Task description
Leave out all pictures while repeating the records exactly and completely.

The input

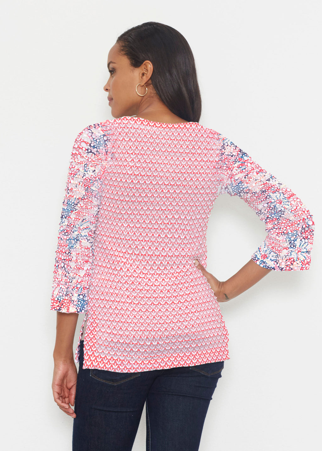 The uniquely soft, pleated texture in this Banded fabric give the 3/4 bell sleeves and sweetheart v-neck a fun and sophisticated look. Flattering side vents adorn the hemline that skims the hip.
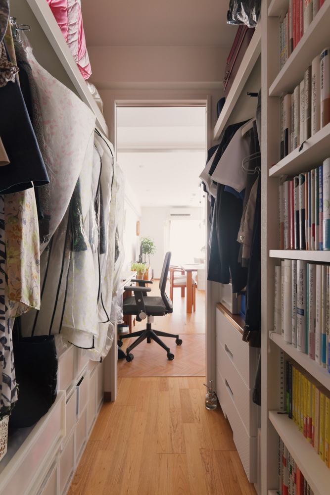 フローリングや建具の状態が良かったためコスト面も考慮して、北側居室の床と建具全箇所の既存利用を最初に提案させて頂きました。そのうえでご要望の「OPENな対面キッチン」や「書斎」が叶えられる間取りを検討し、最適な間取りがご提案できました。
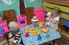 Дети в возрасте 2-3 лет активно осваивают навыки окружающего мира. Они впитывают в себя все, что видят, стараются подражать взрослым. Самое время в игровой форме освоить азы этикета. Ребята младшей разновозрастной группы очень любят играть в сюжетно-ролевые игры. Вместе с воспитателем они решили пригласить кукол на чаепитие. Малыши сначала вспомнили, какую посуду они знают и для чего она нужна. Вспомнив правила сервировки стола, ребята самостоятельно накрыли стол для гостей. Разложили блюдца, чашки. Как только стол был готов, они пригласили кукол к столу, проявили заботливое отношение к ним.
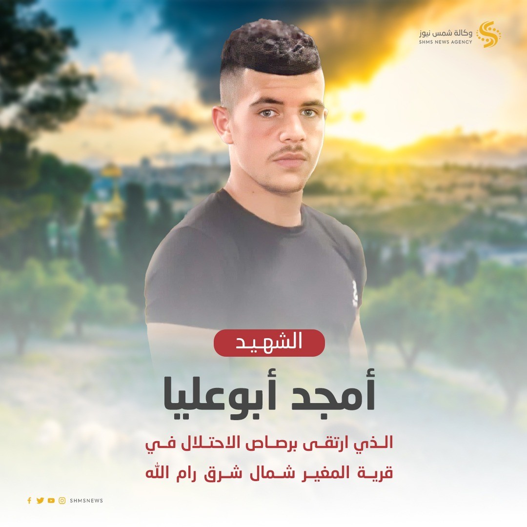 وأفادت مصادر محلية، باستشهاد الفتى أمجد أبو عليا (16 عاماً) برصاص الاحتلال في قرية المغير شمال شرق رام الله.
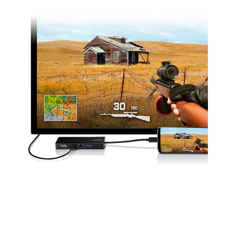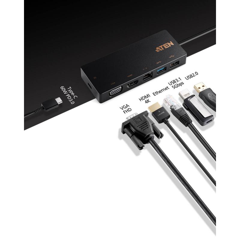 DOCKING Station ATEN universal, conectare PC USB Type C, USB 2.0 x 1, USB 3.1 x 1, porturi video VGA x 1, HDMI x 1, RJ-45, NB 60 W, negru, "UH3236-AT" (include TV 0.18lei)
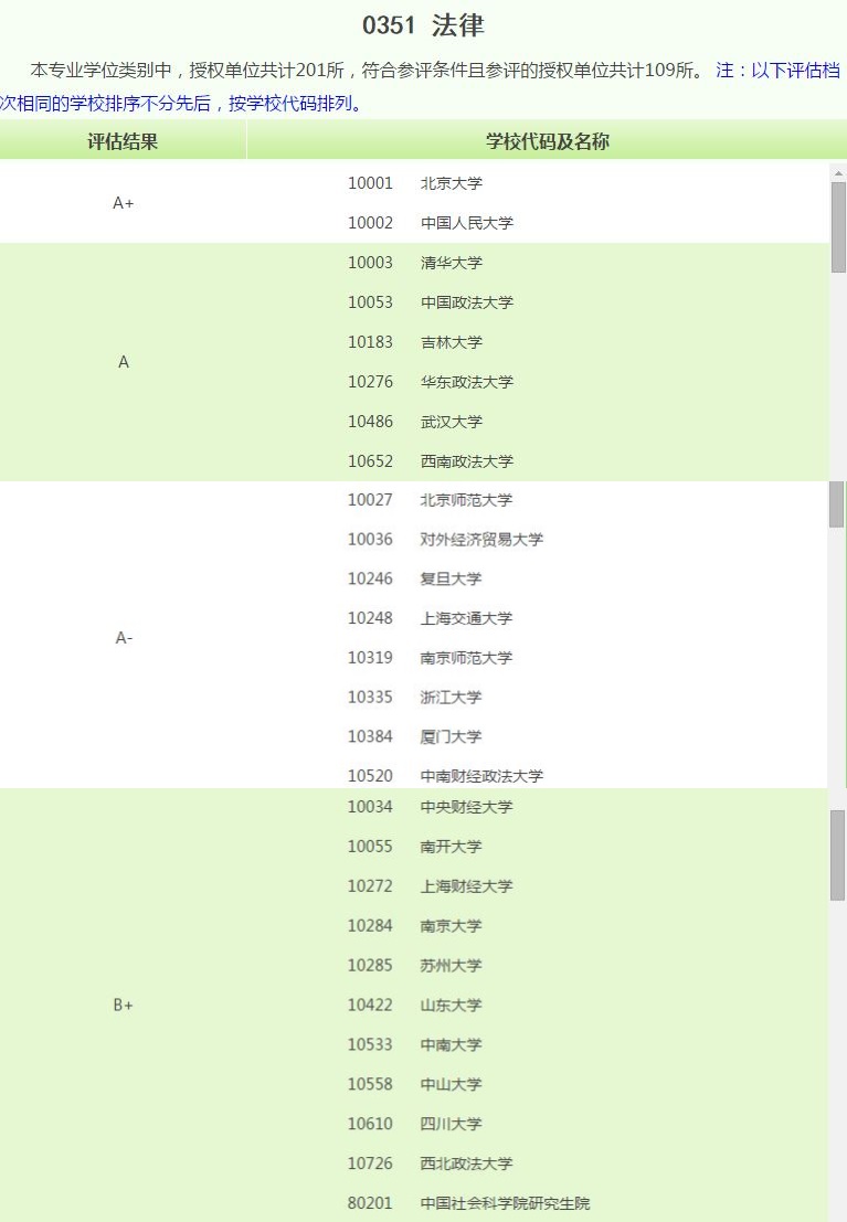 法律硕士专业学位授权单位全国共计201所。本次符合参评条件且参评的授权单位共109所,以2011年至2015年的数据为基础。评估结果显示,北京大学、中国人民大学位居A+等级,清华大学、中国政法大学等6所高校位居A等级,上海交通大学、浙江大学等8所高校位居A-等级。tyc122cc太阳成集团与南京大学、山东大学、中山大学、四川大学等10所高校并列B+等级。

Task result
 The uniquely soft, pleated texture in this Banded fabric give the 3/4 bell sleeves and sweetheart v-neck a fun and sophisticated look. Flattering side vents adorn the hemline that skims the hip.
 フローリングや建具の状態が良かったためコスト面も考慮して、北側居室の床と建具全箇所の既存利用を最初に提案させて頂きました。そのうえでご要望の「OPENな対面キッチン」や「書斎」が叶えられる間取りを検討し、最適な間取りがご提案できました。
 Дети в возрасте 2-3 лет активно осваивают навыки окружающего мира. Они впитывают в себя все, что видят, стараются подражать взрослым. Самое время в игровой форме освоить азы этикета. Ребята младшей разновозрастной группы очень любят играть в сюжетно-ролевые игры. Вместе с воспитателем они решили пригласить кукол на чаепитие. Малыши сначала вспомнили, какую посуду они знают и для чего она нужна. Вспомнив правила сервировки стола, ребята самостоятельно накрыли стол для гостей. Разложили блюдца, чашки. Как только стол был готов, они пригласили кукол к столу, проявили заботливое отношение к ним.
 وأفادت مصادر محلية، باستشهاد الفتى أمجد أبو عليا (16 عاماً) برصاص الاحتلال في قرية المغير شمال شرق رام الله.
 DOCKING Station ATEN universal, conectare PC USB Type C, USB 2.0 x 1, USB 3.1 x 1, porturi video VGA x 1, HDMI x 1, RJ-45, NB 60 W, negru, "UH3236-AT" (include TV 0.18lei)
 法律硕士专业学位授权单位全国共计201所。本次符合参评条件且参评的授权单位共109所,以2011年至2015年的数据为基础。评估结果显示,北京大学、中国人民大学位居A+等级,清华大学、中国政法大学等6所高校位居A等级,上海交通大学、浙江大学等8所高校位居A-等级。tyc122cc太阳成集团与南京大学、山东大学、中山大学、四川大学等10所高校并列B+等级。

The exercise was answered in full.